● Material provided
-- Opening Marker --

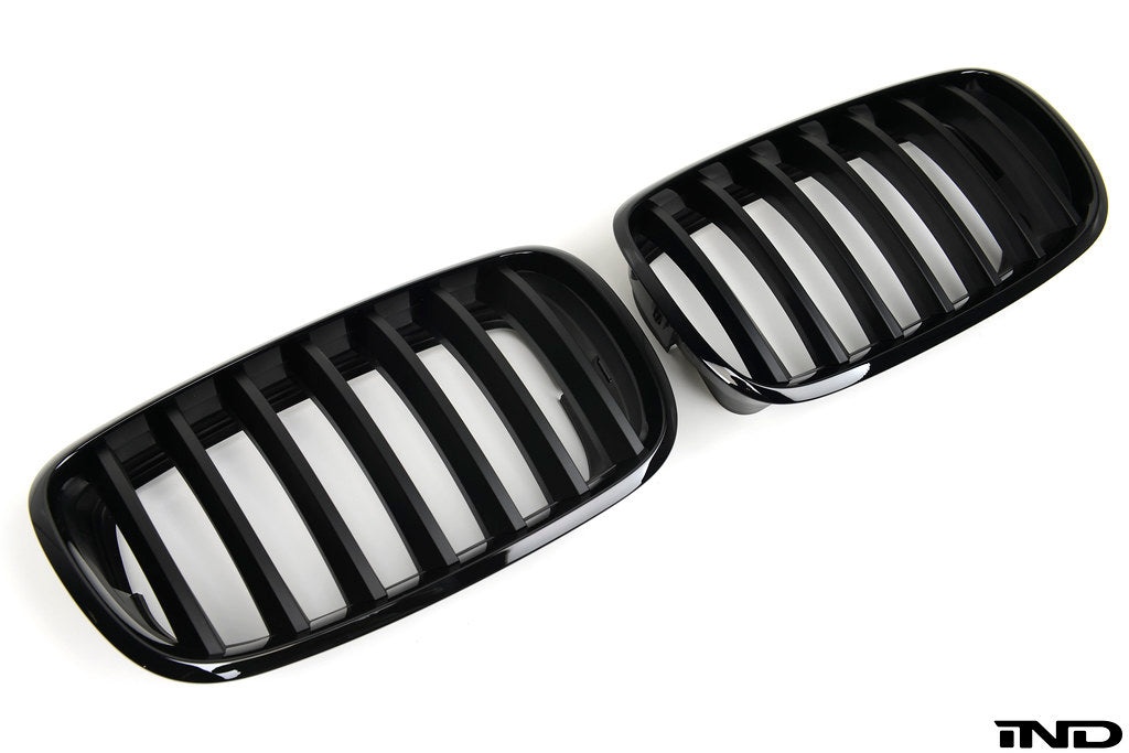 Despite enthusiasts desire for a non-chrome front grille, all BMW M cars still come with a chrome front grille set. As a means of helping enthusiasts create a more aggressive and streamline front end appearance, we now offer a painted front grille set for the E70 X5. All
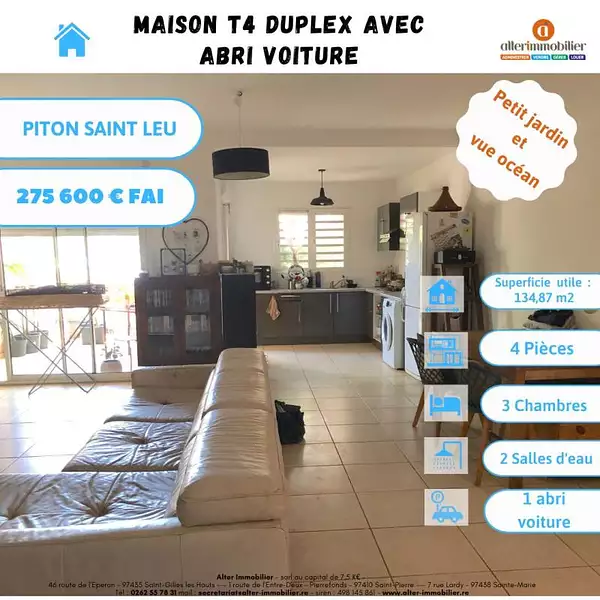 AlterImmobilier vous propose en exclusivité : A Piton Saint Leu une agréable maison T4 de 99,52 m2 habitables avec varangue de 9,33 m2 et petite terrasse à l'étage sur parcelle d'environ 184 m2.
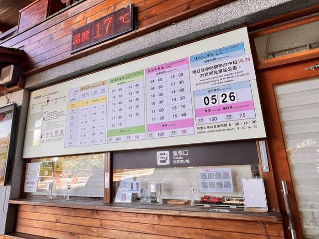 阿里山鉄道の公式ウェブサイトから、14日以内(乗車日を除く)の列車を予約することができる。日本語での予約およびクレジットカードでの決済が可能。(https://afrch.forest.gov.tw/Ja
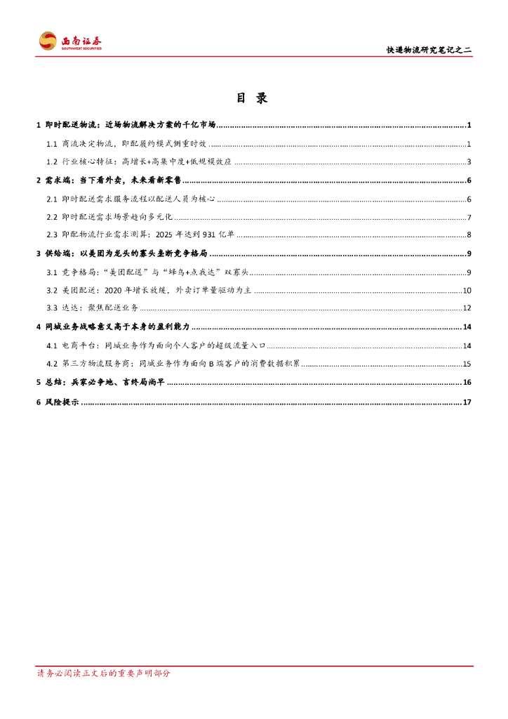西南证券:快递物流研究笔记之二:即时配送市场是否已成红海.pdf
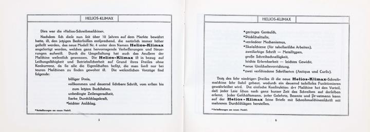 Prospekt für Schreibmaschine Helios Klimax Nachdruck
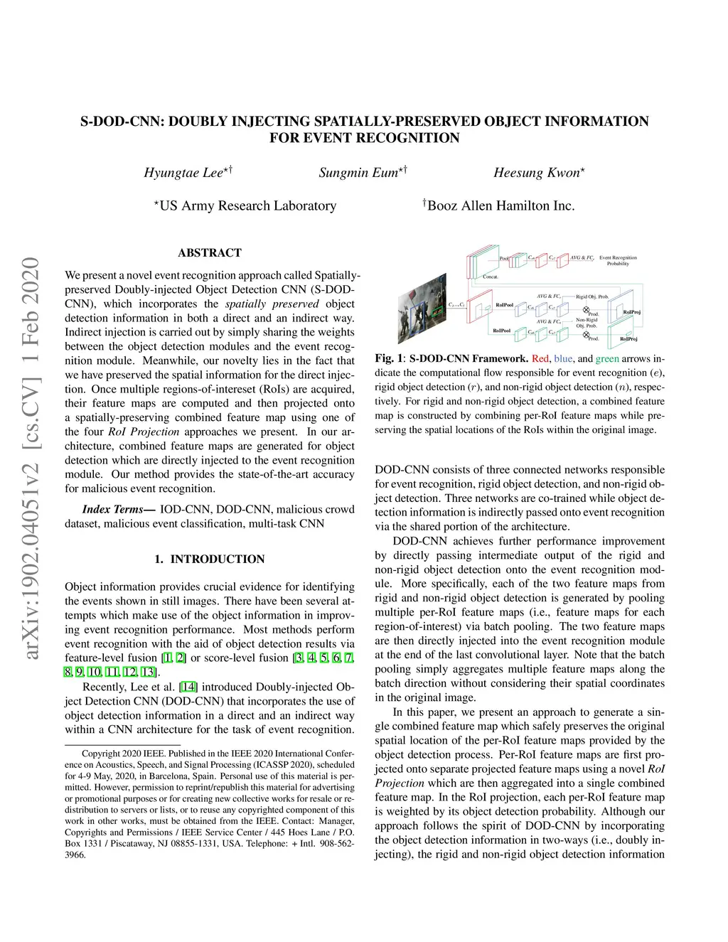 We present a novel event recognition approach called Spatially-preserved Doubly-injected Object Detection CNN (S-DOD-CNN), which incorporates the spatially preserved object detection information in both a direct and an indirect way. Indirect injection is carried out by simply sharing the weights between the object detection modules and the event recognition module. Meanwhile, our novelty lies in the fact that we have preserved the spatial information for the direct injection. Once multiple regions-of-intereset (RoIs) are acquired, their feature maps are computed and then projected onto a spatially-preserving combined feature map using one of the four RoI Projection approaches we present. In our architecture, combined feature maps are generated for object detection which are directly injected to the event recognition module. Our method provides the state-of-the-art accuracy for malicious event recognition.

-- Closing Marker --

● Try it
Take the line that contains "阿里山鉄道の公式ウェブサイト" and all lines after it to the end of the material above, and copy them verbatim without any images.

● Answer section
 阿里山鉄道の公式ウェブサイトから、14日以内(乗車日を除く)の列車を予約することができる。日本語での予約およびクレジットカードでの決済が可能。(https://afrch.forest.gov.tw/Ja
西南证券:快递物流研究笔记之二:即时配送市场是否已成红海.pdf
 Prospekt für Schreibmaschine Helios Klimax Nachdruck
 We present a novel event recognition approach called Spatially-preserved Doubly-injected Object Detection CNN (S-DOD-CNN), which incorporates the spatially preserved object detection information in both a direct and an indirect way. Indirect injection is carried out by simply sharing the weights between the object detection modules and the event recognition module. Meanwhile, our novelty lies in the fact that we have preserved the spatial information for the direct injection. Once multiple regions-of-intereset (RoIs) are acquired, their feature maps are computed and then projected onto a spatially-preserving combined feature map using one of the four RoI Projection approaches we present. In our architecture, combined feature maps are generated for object detection which are directly injected to the event recognition module. Our method provides the state-of-the-art accuracy for malicious event recognition.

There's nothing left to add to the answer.